*** Data below ***

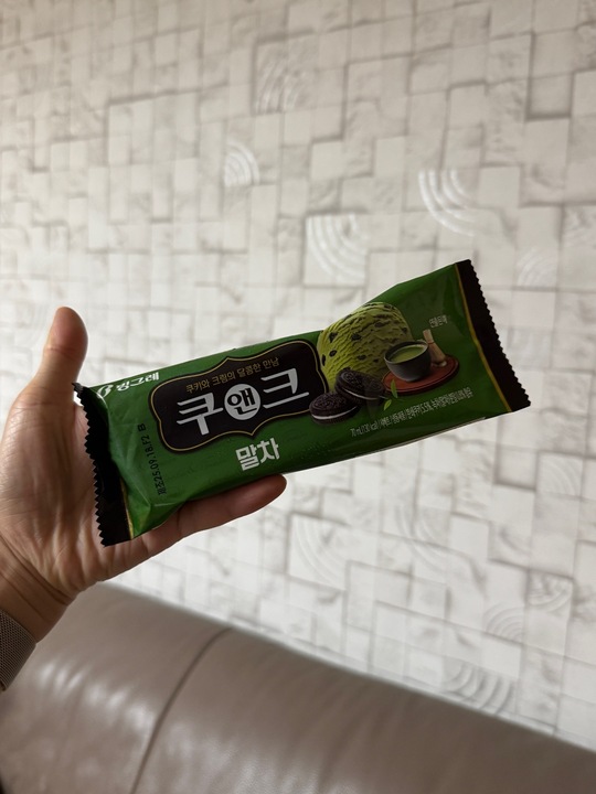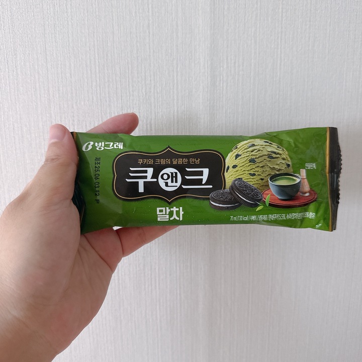 뭔가 텁텁한 쿠앤크 아이스크림의 매력에 말차맛 추가한 맛 말차맛이 별로 안나서 아쉬움 🫠
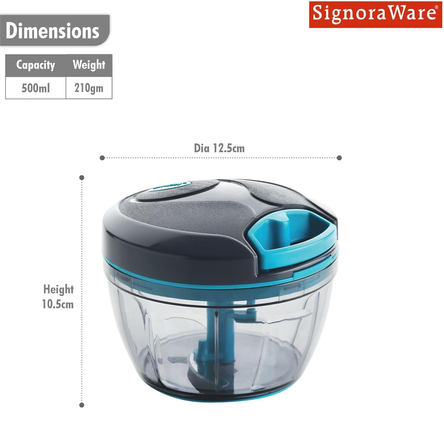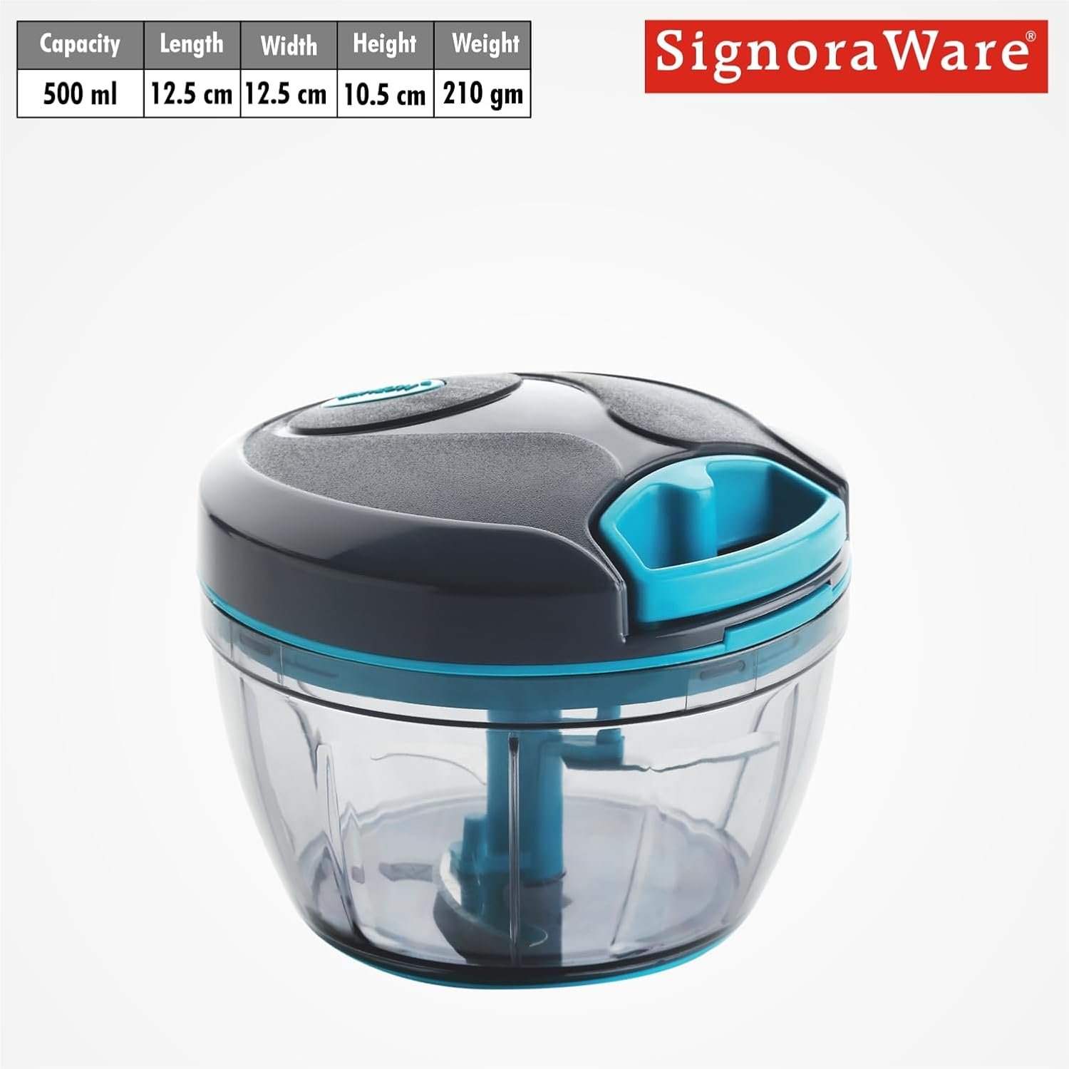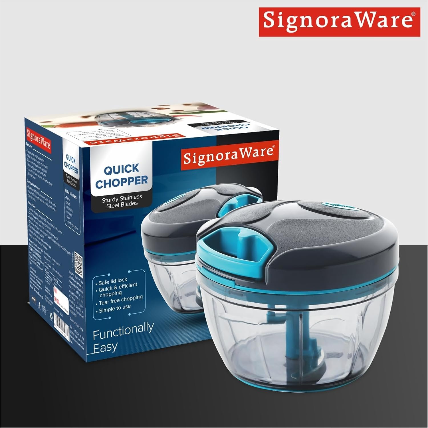 Key Features: The Signoraware Quick Chopper Featuring three efficient stainless-steel blades, this handy chopper utilizes a smooth spring-action pulling mechanism for effortless chopping. The number of pulls controls the fineness of the chop. Its 500ml capacity is suitable for a range of small to medium chopping needs in the kitchen.
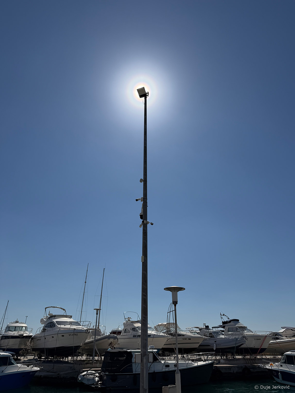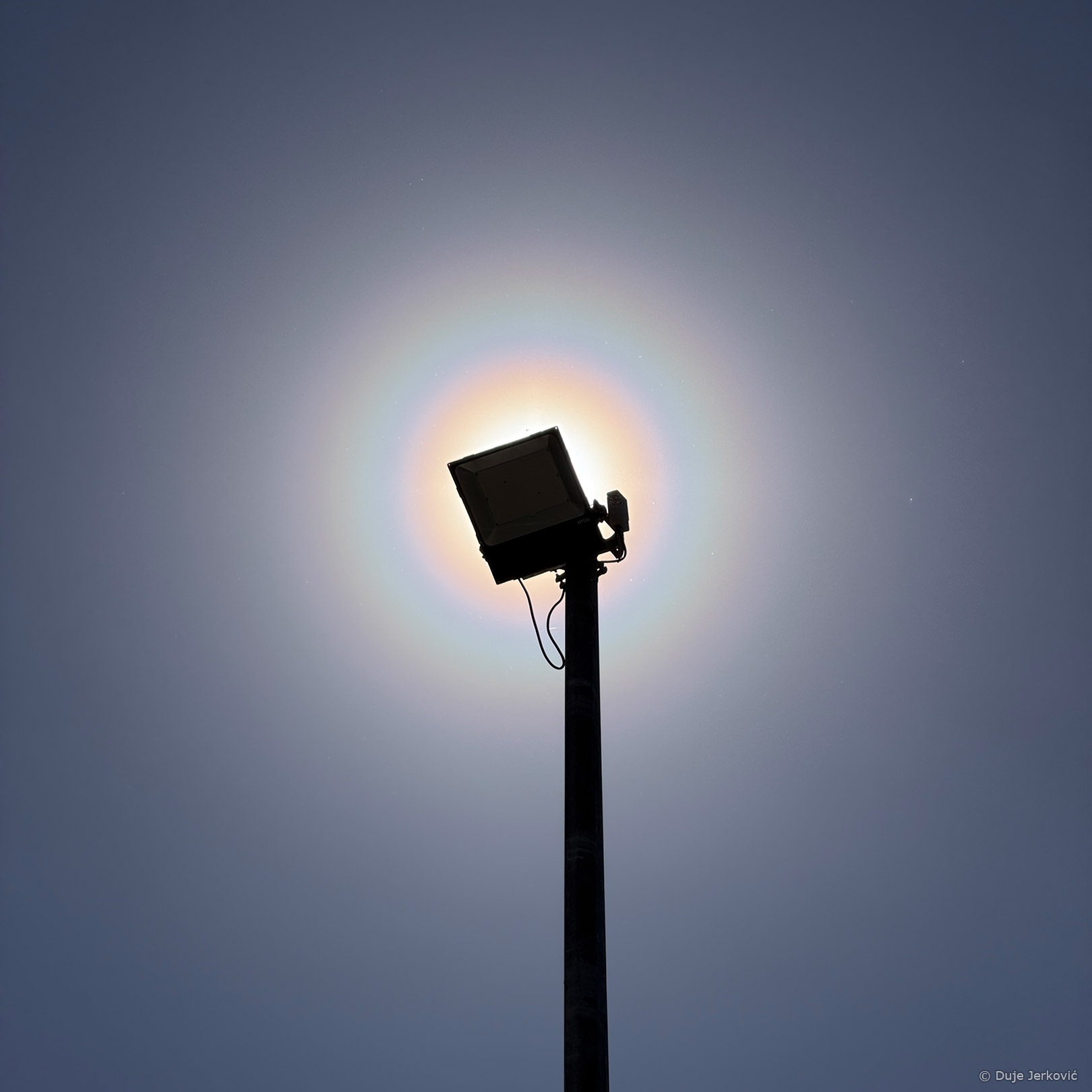 Drugi zanimljiv vijenac dolazi nam iz južnih krajeva. Prije par dana javio mi se Duje Jerković, onaj koji je s Mosora u veljači fantastično snimio Merkur, Veneru i Mjesec, da oko Sunca vidi šarene krugove. Bio je to peludni vijenac – vijenac koji ne nastaje na kapljicama vode u oblacima nego na zrncima peludi u zraku. Za ogib svjetlosti, naime, uglavnom nije važno od čega se sastoje čestice jer se najbitnije događa na njihovim rubovima.

*** End of Data below ***

Output the material above word for word. Leave out its images.

 뭔가 텁텁한 쿠앤크 아이스크림의 매력에 말차맛 추가한 맛 말차맛이 별로 안나서 아쉬움 🫠
 Key Features: The Signoraware Quick Chopper Featuring three efficient stainless-steel blades, this handy chopper utilizes a smooth spring-action pulling mechanism for effortless chopping. The number of pulls controls the fineness of the chop. Its 500ml capacity is suitable for a range of small to medium chopping needs in the kitchen.
 Drugi zanimljiv vijenac dolazi nam iz južnih krajeva. Prije par dana javio mi se Duje Jerković, onaj koji je s Mosora u veljači fantastično snimio Merkur, Veneru i Mjesec, da oko Sunca vidi šarene krugove. Bio je to peludni vijenac – vijenac koji ne nastaje na kapljicama vode u oblacima nego na zrncima peludi u zraku. Za ogib svjetlosti, naime, uglavnom nije važno od čega se sastoje čestice jer se najbitnije događa na njihovim rubovima.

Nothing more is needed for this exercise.